Parteitag der Piraten:Thorsten Wirth ist neuer Piraten-Chef

Er war nicht als Favorit ins Rennen gegangen, doch Thorsten Wirth hat den Parteitag der krisengeschüttelten Piraten in Bremen überzeugt. Auch mit markigen Ankündigungen. Der Hesse will jetzt erst einmal klären: "Was ist Scheiße gelaufen?"

Die Piratenpartei hat einen neuen Vorsitzenden. Das frühere Vorstandsmitglied Thorsten Wirth aus Frankfurt am Main wird die Partei künftig führen. Der frischgewählte Parteivorsitzende weiß, worauf er sich einlässt. 2009/2010 war Thorsten Wirth schon einmal Mitglied im Vorstand, seit 2006 gehört er den Piraten an und ist damit einer der alten Hasen in der jungen Partei. Heute arbeitet der Software-Entwickler als Referent der Piraten-Fraktion im Frankfurter Rathaus.

Aufgewachsen ist der 45-Jährige in einem kleinen Dorf in Ostwestfalen, CDU-geprägt, sehr konservativ. Der Vater war jedoch SPD-Mitglied. "Deshalb gehörten wir in diesem Dorf zu den Außenseitern", sagt Wirth. Als politisch prägend nennt er die Auseinandersetzung um die geplante Wiederaufarbeitungsanlage für Atombrennstäbe in Wackersdorf. Dazu kam das Engagement gegen Kernkraft insgesamt, gegen den Golfkrieg und gegen Neonazi-Aktivitäten.

Eine klassisch grün-linke Biografie, und in der Tat sagt Wirth: "Heute sehe ich die Piratenpartei als das, was einst die Grünen waren: einen Vertreter für Bürgerrechte und als Hort politischer Kultur." Inzwischen seien die Grünen "ohne große Ideale", kritisiert Wirth, der auch im Chaos Computer Club aktiv war. Wirth ist realistisch: "Wir haben ein schwieriges Jahr hinter uns." Viele Piraten seien ausgebrannt, müde, enttäuscht vom Misserfolg bei der Bundestagswahl. Deshalb müsste jetzt in Ruhe überlegt werden: "Was ist Scheiße gelaufen?"

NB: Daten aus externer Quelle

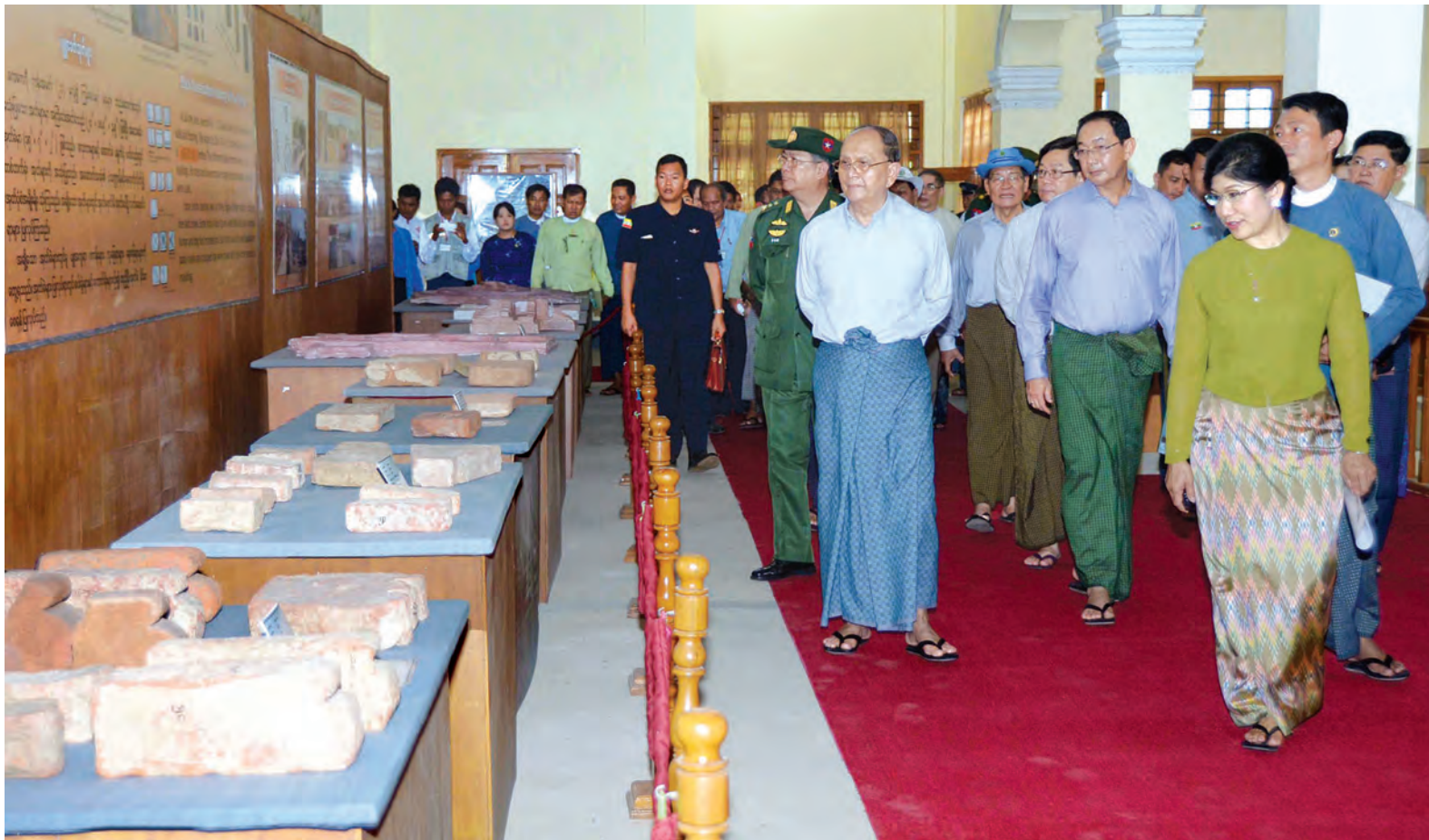
နေပြည်တော် ဇွန် ၁၃

ပြည်ထောင်စုသမ္မတမြန်မာနိုင်ငံတော် နိုင်ငံတော်သမ္မတ ဦးသိန်းစိန်သည် ပြည်ထောင်စုဝန်ကြီး ဒုတိယ ဗိုလ်ချုပ်ကြီး ကိုကို၊ ဦးစိုးသိန်း၊ ဦးတင်နိုင်သိန်း၊ ဦးရဲထွဋ်၊ ကာကွယ်ရေးဦးစီးချုပ်ရုံး(ကြည်း)မှ ဒုတိယဗိုလ်ချုပ်ကြီးမြထွန်းဦး၊ ဒုတိယဝန်ကြီးများ၊ ဌာနဆိုင်ရာတာဝန်ရှိသူများနှင့်အတူ ယနေ့နံနက်ပိုင်းတွင် မကွေးတိုင်းဒေသကြီး တောင်တွင်းကြီးမြို့နယ် ကုက္ကိုရွာကျေးရွာအုပ်စုအနီးရှိ ကမ္ဘာ့အမွေအနှစ်စာရင်းဝင် ဗိဿနိုးရှေးဟောင်းယဉ်ကျေးမှုအမွေအနှစ်ဇုန်သို့ ရောက်ရှိရာ ပြည်ထောင်စုဝန်ကြီး ဦးအုန်းမြင့်၊ မကွေးတိုင်းဒေသကြီးဝန်ကြီးချုပ် ဦးဘုန်းမော်ရွှေ၊ အလယ်ပိုင်းတိုင်းစစ်ဌာနချုပ်တိုင်းမှူး ဗိုလ်ချုပ်စိုးထွဋ်၊ ပျူမြို့ဟောင်းများ ထိန်းသိမ်းစောင့်ရှောက်ရေးအဖွဲ့ဥက္ကဋ္ဌ၊ အဖွဲ့ဝင်များနှင့် ဒေသခံပြည်သူများက ကြိုဆိုနှုတ်ဆက်ကြသည်။
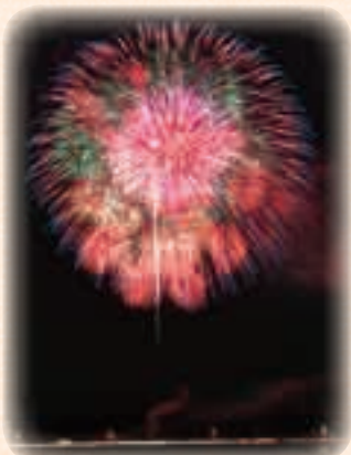
7月 あげお花火大会
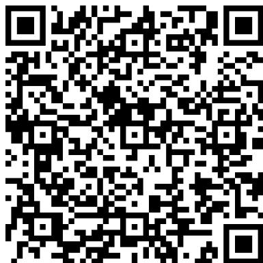
學生操作無人機 QR Code

In seiner Bewerbungsrede zeigt sich der Vater eines einjährigen Sohnes optimistisch, was die Zukunft der Piraten angeht: "Wir haben viel zu bieten." Ausdrücklich nennt er die Forderung nach einem bedingungslosen Grundeinkommen. "Darüber müssen wir Diskussionen anstoßen." Auch zu den transatlantischen Beziehungen hat er eine klare Meinung. Das geplante Freihandelsabkommen zwischen EU und USA sei ein "Horror", sagt Wirth. "Ich will, dass wir uns dagegen wehren."